## How to complete this task:
Below are entries; repeat exactly, and nothing else, the lines from the one holding "2023年辅导员岗位公开招聘面试成绩公示名单" through the one holding "яркость и свежесть.", inclusive. Leave the pictures out.

Recorded data:
________________

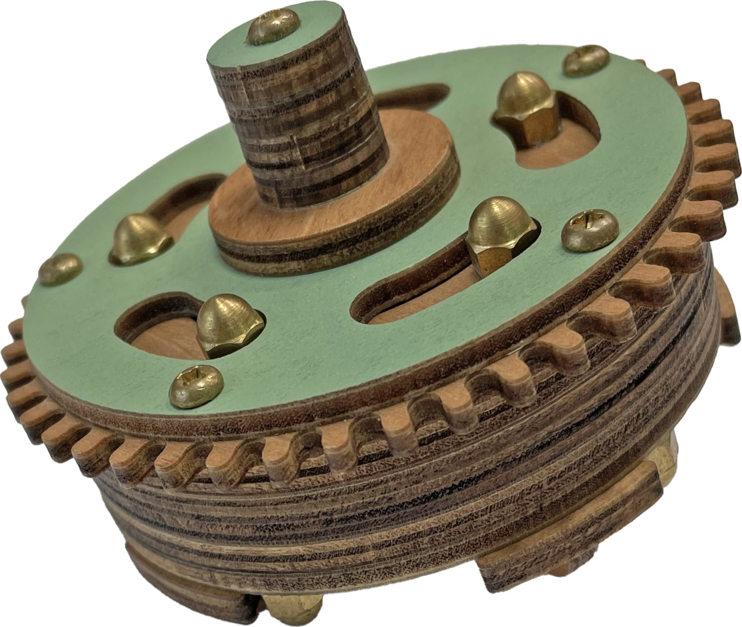 Inspired by Archimedes' use of mathematical precision, this set of interlocking gears relies on imagination and resourcefulness to solve. At its core, this extraordinary puzzle features an array of metal pins strategically positioned to hold the gears in place. Discover the detachable element responsible for disengaging the magnetic pins, allowing the gears to shift and separate. Delicately separate the top and bottom layers to expose the hidden force that unites the gears.
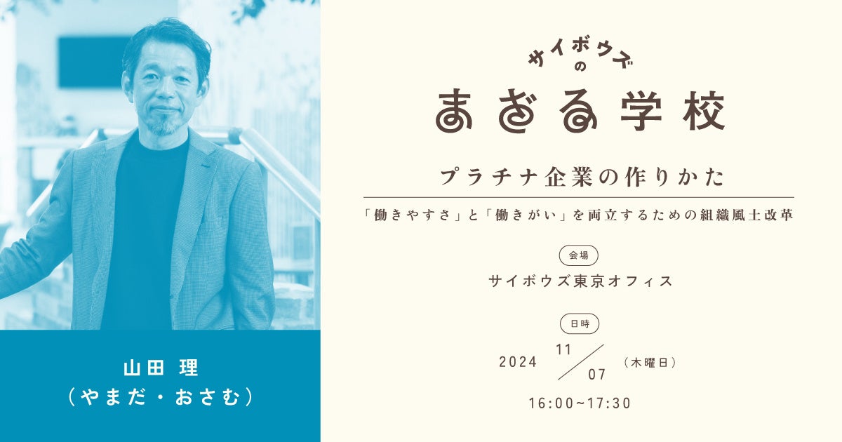 2024年11月7日(木)に開催する講義「プラチナ企業の作りかた 働きやすさと働きがいを両立するための組織風土改革」では、『最軽量のマネジメント』の著者で元サイボウズ副社長の山田理氏(現KTゲームチェンジャーズ株式会社代表)をお招きし、離職率28%の時代を乗り越え「プラチナ企業」となったサイボウズが行ってきた数々の働き方改革の手法や社員エンゲージメントの向上、さらにコロナ禍以降の組織風土改革などを講義いただきます。
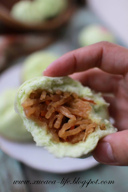 乱来一场,蒸了一锅8个的斑兰包子。感觉不错,再努力地搓多一份,做多几个包子送给对面安老院的阿公吃。
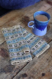 The Agatha mitts are knitted from the cuff in the round, using a repeating stranded colourwork motif, which is worked from a chart. Thumb stitches are placed on waste yarn whilst the upper hand section is worked. Finally, the thumb is knitted to finish. This simple pattern with a repeating motif is perfect for knitters new to colourwork or for a more experienced knitter who desires a simple knit to work on.
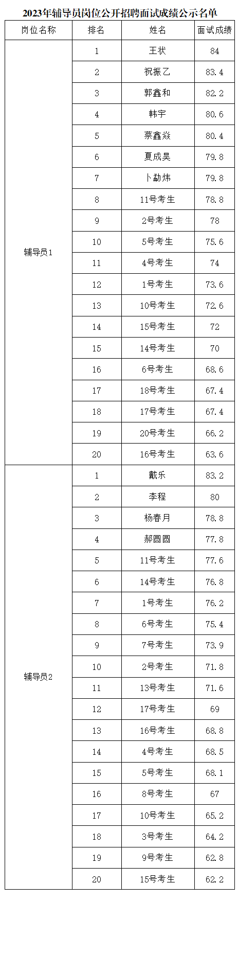 2023年辅导员岗位公开招聘面试成绩公示名单
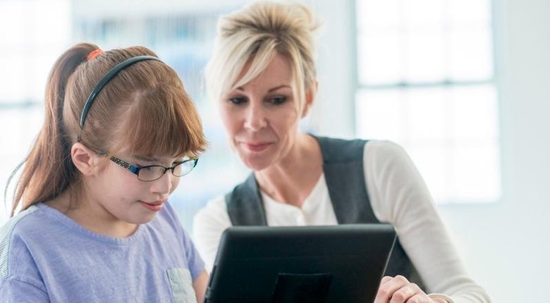 A woman and a child read on a tablet.
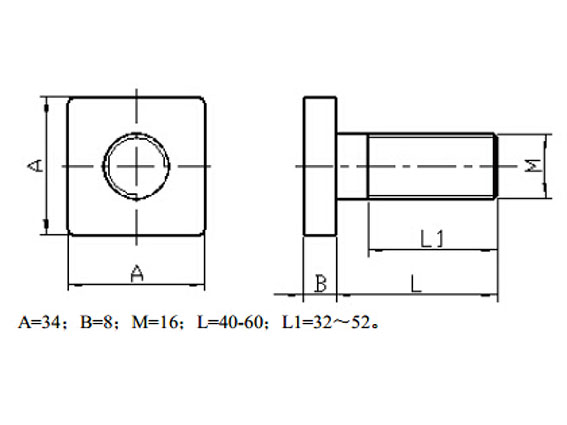 2、 方头螺栓M16X40,M16X60为标准配置,如需加长须订制。
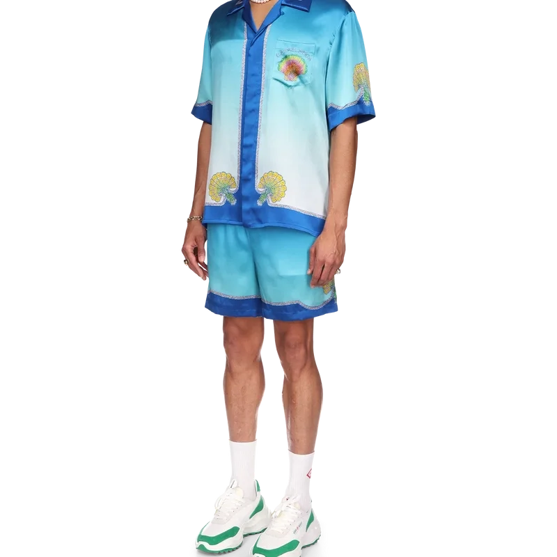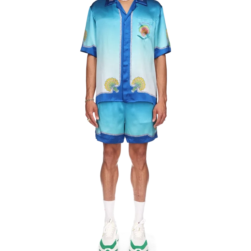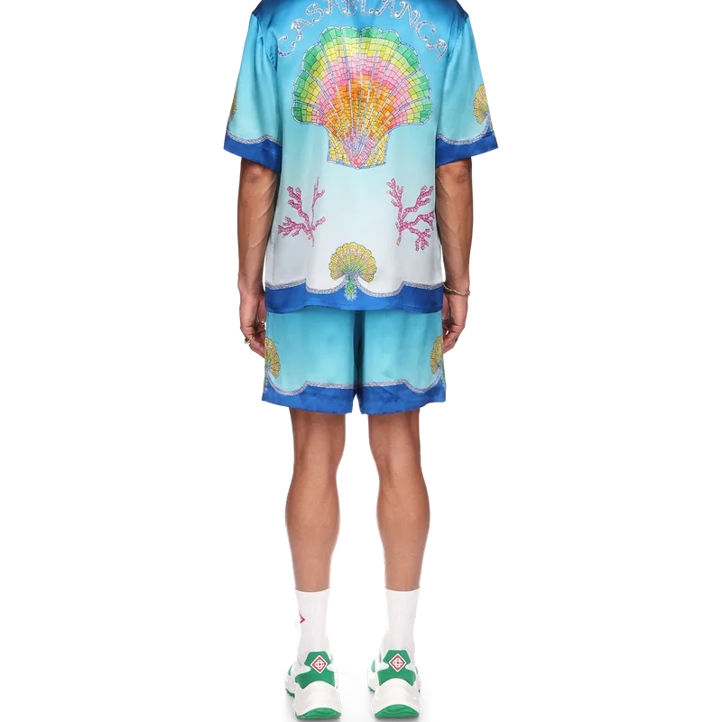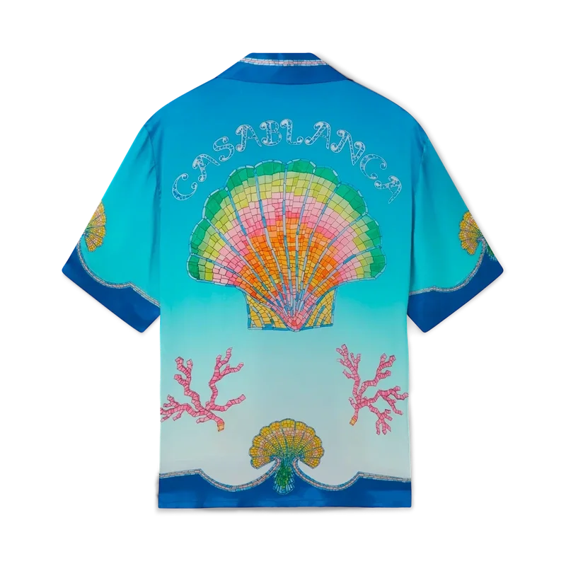 Das Coquillage Colora Seidenhemd ist ein kurzärmeliges Modell mit Allover-Print, das sich durch das Mosaik-Regenbogen-Muschel-Farbverlaufsmuster auf einem bekannten blauen Ombré-Seidentwill-Stoff auszeichnet. Abgerundet wird es durch eine Knopfleiste vorne, einen offenen Kubanerkragen, eine Brusttasche sowie Kontrastdetails an Kragen, Manschetten und Saum.
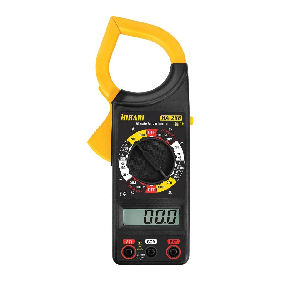 Instrumento digital portátil, de acordo com a categoria II de segurança, com função Data Hold, LCD de 3 1/2 dígitos. Realiza medidas de tensão DC e AC, corrente AC até 1000A, resistência e testes de continuidade.
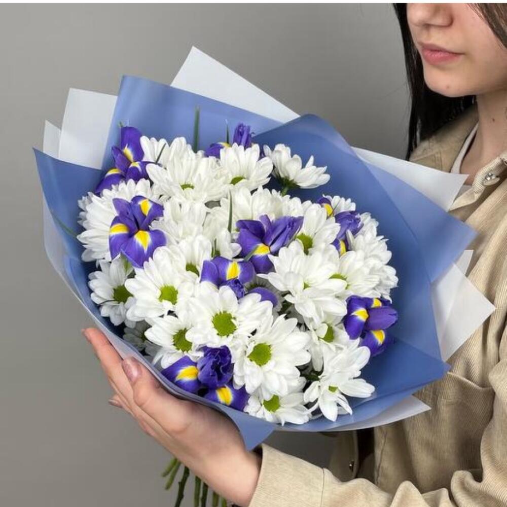 Букет "Прозрачные мечты" — это изящная композиция, в которой гармонично сочетаются хризантемы и ирисы. Хризантемы, с их округлыми формами и яркими оттенками, придают букету живость и энергетику, а ирисы с их утонченными лепестками добавляют нотку романтики и грации. Эта комбинация создает эффект легкости и воздушности, словно олицетворяя мечты и надежды. Нежные цветы сопровождаются зелеными листьями, которые подчеркивают их яркость и свежесть.
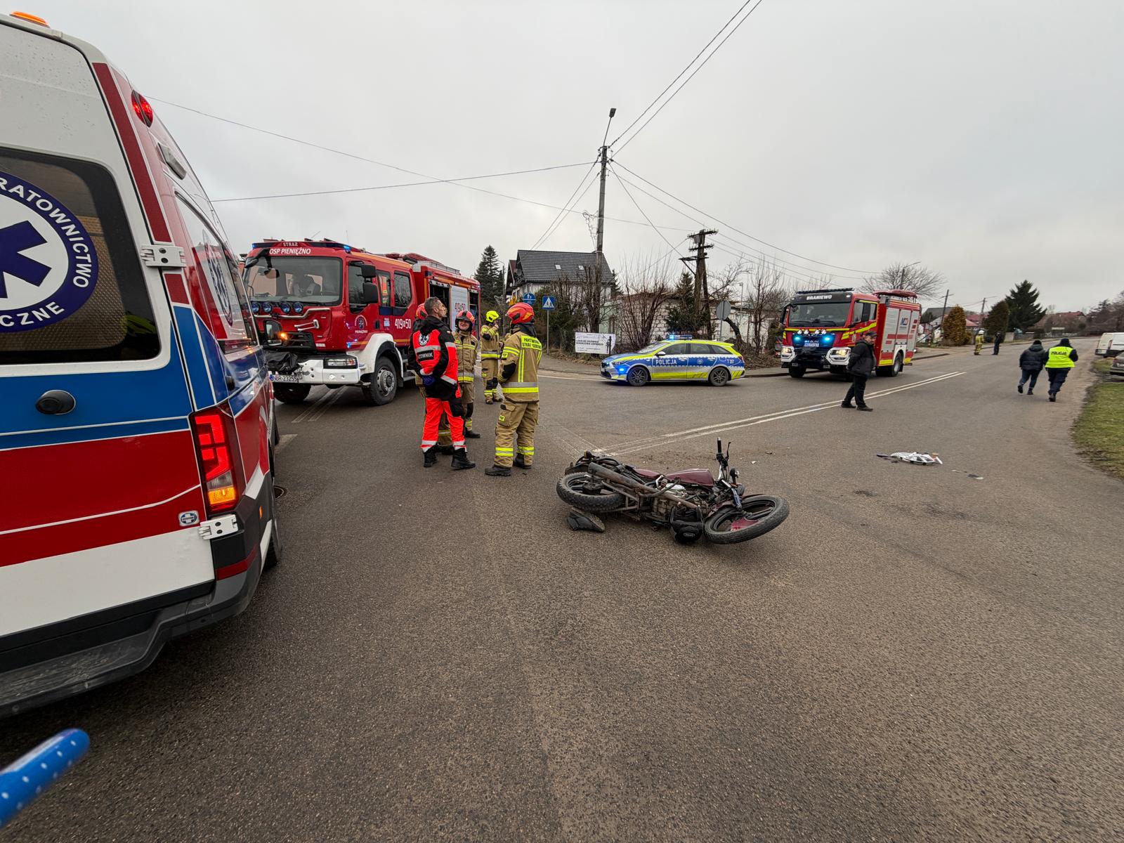 Do pierwszego zdarzenia doszło w Pieniężnie na skrzyżowaniu ulic Generalskiej i Królewieckiej zderzyły się motorower oraz samochód osobowy Peugeot. W wyniku zderzenia obrażeń doznał kierujący jednośladem. Poszkodowany został przetransportowany do szpitala w Elblągu. Osoby podróżujące samochodem nie odniosły obrażeń. Na miejscu wypadku pracowały służby ratunkowe. Interweniowali strażacy z Państwowej Straży Pożarnej w Braniewie oraz strażacy ochotnicy z jednostki OSP Pieniężno. Okoliczności zdarzenia wyjaśniali braniewscy policjanci.
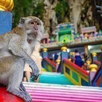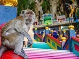 Bij aankomst bij de grotten word je verwelkomd door het adembenemende zicht van de regenboogtrap, een levendige serie van 272 kleurrijke treden die naar de grotten en de Hindoe-tempels leiden die erin verscholen liggen.
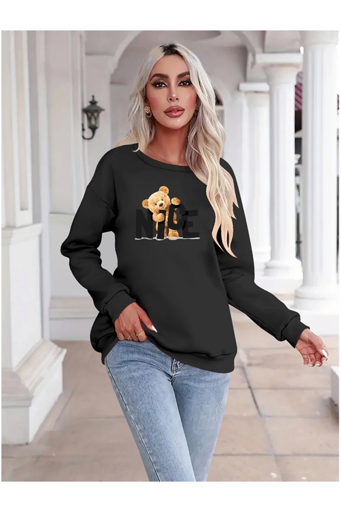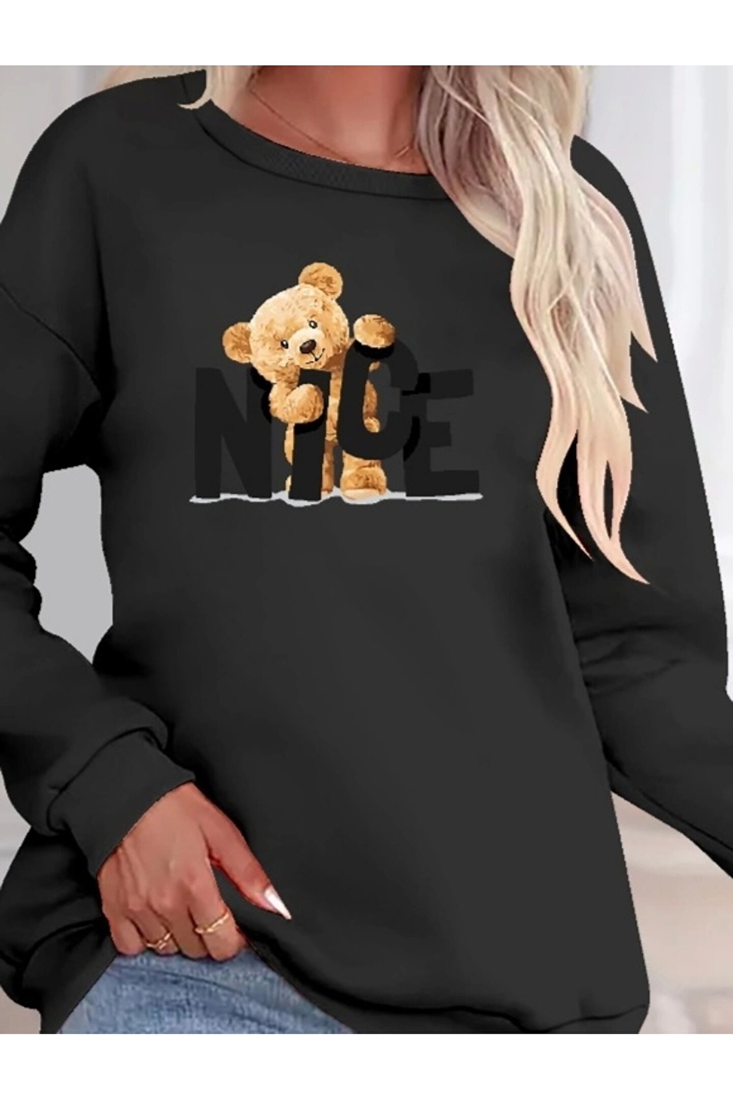 Kadın Uzun Kollu Bisiklet Yaka Viskon Iki Iplik Bluz

________________

## Response box:
 2023年辅导员岗位公开招聘面试成绩公示名单
 A woman and a child read on a tablet.
 2、 方头螺栓M16X40,M16X60为标准配置,如需加长须订制。
 Das Coquillage Colora Seidenhemd ist ein kurzärmeliges Modell mit Allover-Print, das sich durch das Mosaik-Regenbogen-Muschel-Farbverlaufsmuster auf einem bekannten blauen Ombré-Seidentwill-Stoff auszeichnet. Abgerundet wird es durch eine Knopfleiste vorne, einen offenen Kubanerkragen, eine Brusttasche sowie Kontrastdetails an Kragen, Manschetten und Saum.
 Instrumento digital portátil, de acordo com a categoria II de segurança, com função Data Hold, LCD de 3 1/2 dígitos. Realiza medidas de tensão DC e AC, corrente AC até 1000A, resistência e testes de continuidade.
 Букет "Прозрачные мечты" — это изящная композиция, в которой гармонично сочетаются хризантемы и ирисы. Хризантемы, с их округлыми формами и яркими оттенками, придают букету живость и энергетику, а ирисы с их утонченными лепестками добавляют нотку романтики и грации. Эта комбинация создает эффект легкости и воздушности, словно олицетворяя мечты и надежды. Нежные цветы сопровождаются зелеными листьями, которые подчеркивают их яркость и свежесть.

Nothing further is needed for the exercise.